Chancellor Angela Merkel has said she wants to be sure that the fresh bid has every chance of success before her centre-right government joins it.

Some media commentators have warned against a ban, arguing that it would only drive NPD members underground or lead them to join other far-right parties.

"The party is clearly racist, anti-Semitic and xenophobic, but a democracy that is ready to defend itself must be able to live with such a splinter group," a recent commentary in the conservative daily Die Welt said.

How would a ban be enacted?

The Bundesrat's decision launches a process which could take many months.

The first step will be for the Bundesrat to draw up a formal application to the constitutional court calling for the NPD to be declared unconstitutional and to be dissolved.

The upper house has also voted to ask the court to prohibit the creation of any successor organisations and to order the seizure of the party's assets.
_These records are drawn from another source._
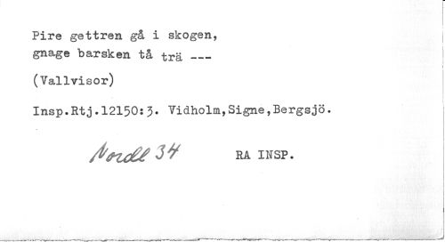 //// Pire gettren gå i skogen, I //// gnage barsken tå trä ___ //// i //// i //// (Yallvisor) //// Insp•Rt j.12150:3. Yidholm,Signe,Bergsjö. //// 3V RA INSP. ////
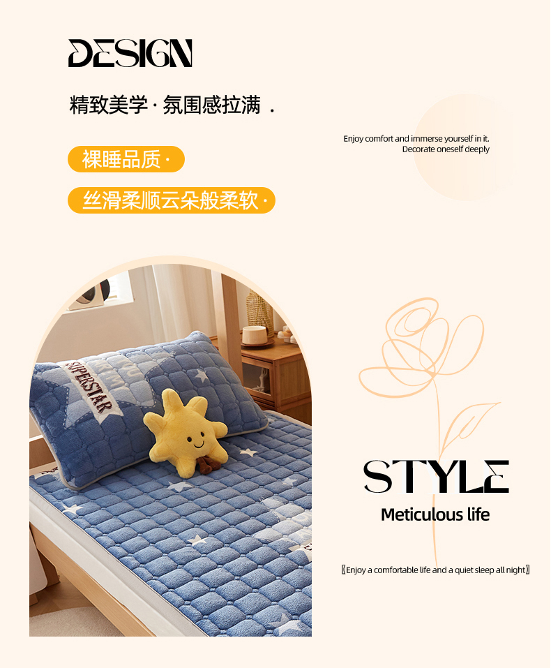 • 91家纺网 家纺一手货源 找家纺 (总)奇丝雅 2025新款A类牛奶绒泡泡绒床褥床垫床盖兔毛绒家用学生宿舍上下铺寝室褥子软垫床护垫夹棉(大床)场景二,星星猫咪,月亮湾,趴趴狗,繁星,爱心咖,樱桃猫咪,幻影灰,暖绒蓝,清新绿,柔和蓝
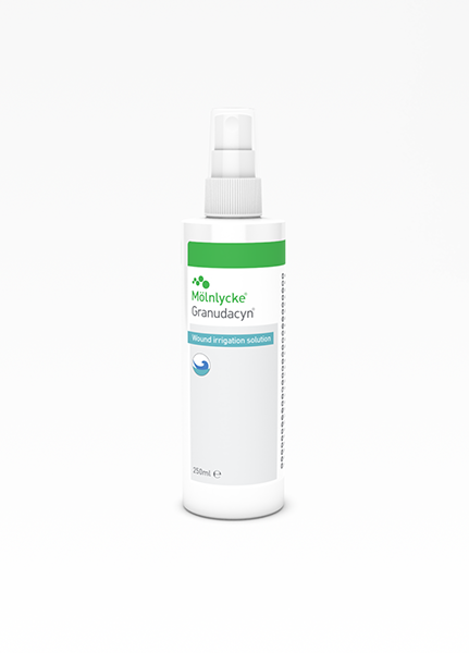 Granudacyn® er en skyllevæske til rensing og fukting av akutte, kroniske og kontaminerte sår, inkludert overfladiske brannskader og delhudsbrannskader. Hypoklorsyre (HOCl) er en stabil løsning som gjør Granudacyn til en sikker skyllevæske. HOCl hindrer spredning av gram-positive og gram-negative bakterier, inkludert; MRSA, ORSA,VRSA,VRE, virus, sopp og sporer.

The court will consider the application and the evidence submitted before making its ruling.

Would a ban be final?

Any decision to ban the party could be challenged in the European Court of Human Rights.

Observers are divided over whether such an appeal would be likely to succeed.

Some have warned that the Strasbourg-based court would apply stricter criteria than the German constitutional court.

Others have argued that Germany's highest court would give detailed reasons for a ban which the European Court of Human Rights would find difficult to ignore.

"Party bans are in the first instance a matter for sovereign states" and therefore the fate of the NPD will "probably" be decided by a German ruling, the daily Der Tagesspiegel said recently.